I pedaled five miles down the road towards the moon until dark and slipped into a little gulley beside a corn field and behind a cluster of trees.  An hour later when I was eating my second bowl of ramen and creamed corn I heard a car stop along the road and then saw a bright spot light trying to penetrate the trees.  I opened my tent door for a better look.  There were actually two cars.  Then I heard a voice shouting, "Is anybody down there?"  They hadn't actually spotted me, but evidently I had been reported.  The officers seemed reluctant to approach me, so I climbed up to the road to face the consequences.

"I'm traveling by bicycle," I explained.

"We know," the young, non-threatening officers responded.  "We've had a couple of reports on you.  We heard you were at the Casey's in Bedford.  People around here are suspicious of strangers. A hitch-hiker passing through here a couple years ago shot some people.
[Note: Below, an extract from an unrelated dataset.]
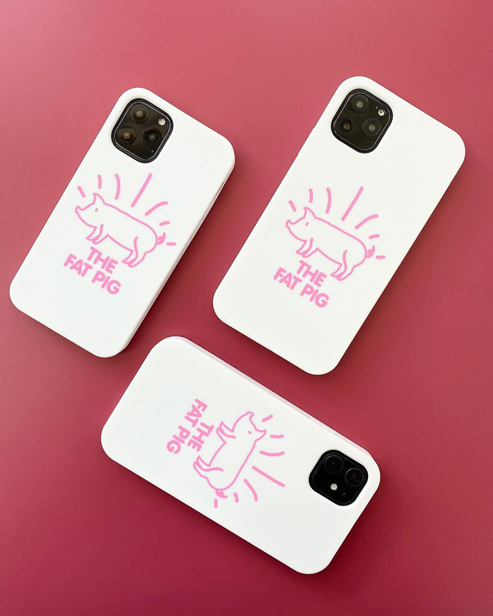 超可愛手繪線條小肥豬白底矽膠手機殼🐖🤍

Do you have any ID?"

I had it at the ready.  As I handed it over I asked, "Do you know how the Bears did today?"

"They we're losing 3-0 at the half."

"Could you ask how the game ended when you call in my license?"

While one officer retreated to his car the other said, "Keep your hands out of your pockets if you would."
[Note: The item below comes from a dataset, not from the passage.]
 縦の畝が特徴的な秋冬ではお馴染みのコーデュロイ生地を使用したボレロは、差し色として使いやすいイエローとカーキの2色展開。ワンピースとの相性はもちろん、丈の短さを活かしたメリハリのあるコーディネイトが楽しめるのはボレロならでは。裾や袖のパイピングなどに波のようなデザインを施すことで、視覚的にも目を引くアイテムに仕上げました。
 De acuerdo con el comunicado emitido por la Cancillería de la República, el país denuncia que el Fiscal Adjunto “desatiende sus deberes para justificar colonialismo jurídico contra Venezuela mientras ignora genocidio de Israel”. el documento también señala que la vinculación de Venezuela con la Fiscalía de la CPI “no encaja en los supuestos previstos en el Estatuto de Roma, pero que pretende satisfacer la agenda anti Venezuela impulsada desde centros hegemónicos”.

"What's the story on the hitch-hiker?" I asked. 

"He was an escaped convict from the Clarinda Correctional Facility.  He broke into somebody's house and got their guns and used them.  He actually shot my partner in the shoulder."

We had the eclipsing moon to watch while we waited the verdict on whether I was wanted.  The officer left with me said he thought it would be cool to ride one's bike across the country.  He hadn't ridden RAGBRAI, but had many friends who had and knew he'd do it one of these years.  When I told him I went to Bedford to see its Carnegie, he said his partner's wife was the librarian there and she was busy getting ready for its 100th anniverary next year.

When the other officer returned he said, "They lost 26-0.  You're clear."  Then he told his partner they had a domestic dispute to tend to.

"Sorry to put you guys out," I said.

"That's okay.  Have a good night."

During the interlude the moon had nearly disappeared. I saw much more of it than if I had been in my tent.  

I'm getting used to being checked out by the police.  Last year it happened five times in five states--Alabama, Michigan, Colorado, Illinois and Indiana.  Like finding neckerchiefs, bungee cords and license plates along the road, its not an official tour until my driver's license has been called in.  I just wonder how more frequent it would be if I were another color or wore a turban.